Meus lábios traçaram um caminho lento, explorando cada centímetro de sua pele, até que mergulhei por baixo da camisa que ela vestia. O toque quente da minha boca arrancou dela um suspiro profundo, enquanto suas mãos se moviam indecisas entre me puxar para mais perto ou me conter. Abocanhei seu seio com suavidade, deixando minha língua brincar ali, lenta, saboreando cada reação dela. Juh arqueou as costas e soltou um gemido abafado. A respiração entrecortada escapando só me motivava a avançar.
— Para, amor... A porta não está trancada... Kaique... — murmurou, com a voz rouca.
Eu sorri contra sua pele, sem pressa de largá-la. Minha mão deslizou por sua cintura e Juh suspirava, inquieta, até que seus dedos se enroscaram no meu cabelo e, com delicadeza, me guiaram para cima.
Quando finalmente alcancei seus lábios, a gatinha me puxou com força. Eu não entendia se ela queria me conter ou se entregar naquele beijo. Era urgente, e os nossos corpos se ajustaram naturalmente.
— Você me enlouquece... — sussurrei, quase sem conseguir desgrudar da sua boca.
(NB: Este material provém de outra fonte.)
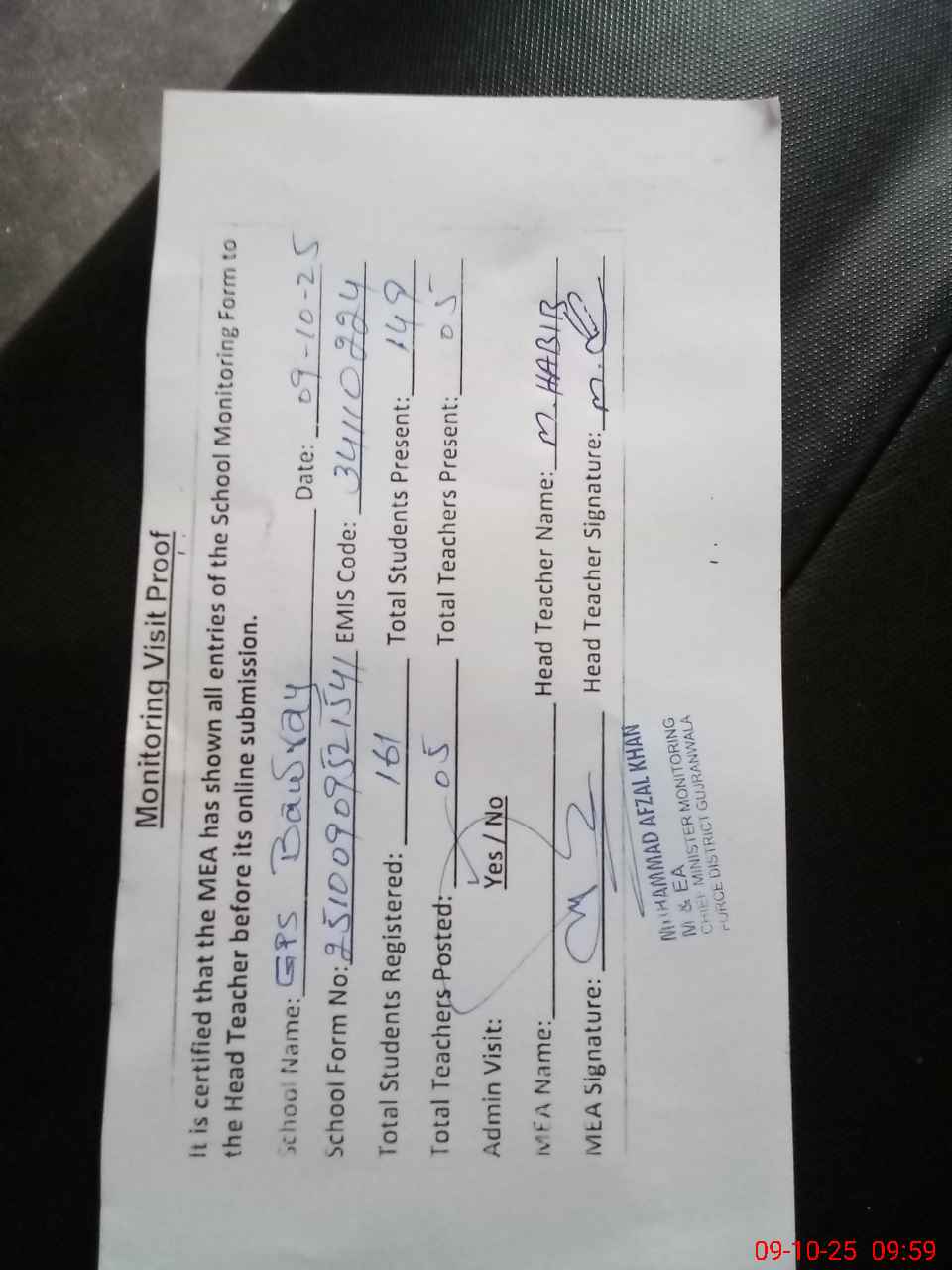 | Monitoring Date: 09-10-2025 | Start Time: 09-10-2025 09:35 AM | End Time: 09-10-2025 10:04 AM | Name of MEA: N-**** Af**** Kh**** | |

— Você não disse que esse remédio ia abaixar seu fogo? — Júlia perguntou, me fazendo rir.
— Ainda bem que não, né?! — respondi, voltando a beijá-la.
Dessa vez sem pressa, eu só tinha a necessidade de senti-la. Beijei-a devagar e senti, pouco a pouco, a nossa respiração se acalmando.
Quando me afastei um pouco, ela roubou mais um selinho, depois outro, até que estávamos rindo baixinho, distribuindo pequenos beijos no rosto uma da outra.
— Não é só nós trancarmos a porta? — perguntei, fingindo indignação.
— Aí daqui a pouco Kaique chama a gente e as coisas... ficam pela metade — falou, vacilante, como se tivesse medo das palavras.
— Você é tão engraçada, gatinha... — disse, segurando no queixo dela e roubando mais um beijinho.
— Quem sabe à noite? — ela disse, animada.
— Essa noite promete... — brinquei.
E praticamente no mesmo instante, ouvimos Kaique nos gritar do quintal.
— Eu avisei — Juh falou, rindo da careta que eu fiz.
Olhei pela janela e ele estava todo molhado, dando banho no Brad e nos chamando para brincar... Obviamente, nós tomamos a decisão mais sábia possível e nos juntamos a ele!